The importance of mining, in times of sustainability reporting, is rising in stature. The rise of mining output is not waning but growing and the share of construction mineral ore in all of this still remains close to 50% of the entire extractive output. 

It is estimated that the global combined extractive output in mining is going to grow to 167gt in 2060, from the 2019 statistics of 92 gt. Out of this 27% is biomass, 15% is fossil fuel, 9% is metal ores and the balance is non-metallic minerals, bulk of which goes to the construction industry. While sustainability considerations would be driving most of the future growth, most notably, metals will be needed for electric storage batteries (eg. for electric cars), which require aluminium, cobalt, iron, lead, lithium, manganese and nickel but also for other relevant technologies, including those used for the production of wind turbines and solar panels; far greater amounts of metals are needed for clean energy production than the traditional energy production from fossil fuels. Thus the growth in metals for sustainability will offset the drop in extraction that would stem from growth in recycling. 

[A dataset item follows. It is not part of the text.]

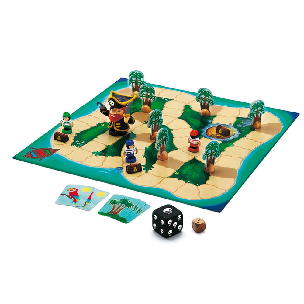 Contenu : 1 figurine pirate, 3 figurines moussaillon, 3 coffres, 1 plateau de jeu, 7 cocotiers/cachettes, 1 grand dé pirate / 1 petit dé moussaillon / 9 cartes cocotier, / 4 cartes perroquet.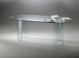 Esstisch aus Glas im Stil „Leon Rosen“ mit facettierter Kante.Esstisch aus Glas im Stil „Leon Rosen“ mit facettierter Kante.

An overview of the mining sector

Mining for non-metallic minerals, from where the construction industry sources all its inputs, perhaps falls under the ASM (artisanal and small-scale mining), which has still remained labour intensive and suffers from safety issues all across, the developed world and developing, all have the similar challenges to grapple with. Efforts to increase automation, mechanisation and digitisation also come with the fair share of demands from the local community, which can hardly be neglected. While Large Scale Mining (LSM) is moving towards mechanisation and automation with minimum labour resources, the focus is increasingly shifting towards partnerships on supply chains that connect local procurement partners and the community at large to the external markets. 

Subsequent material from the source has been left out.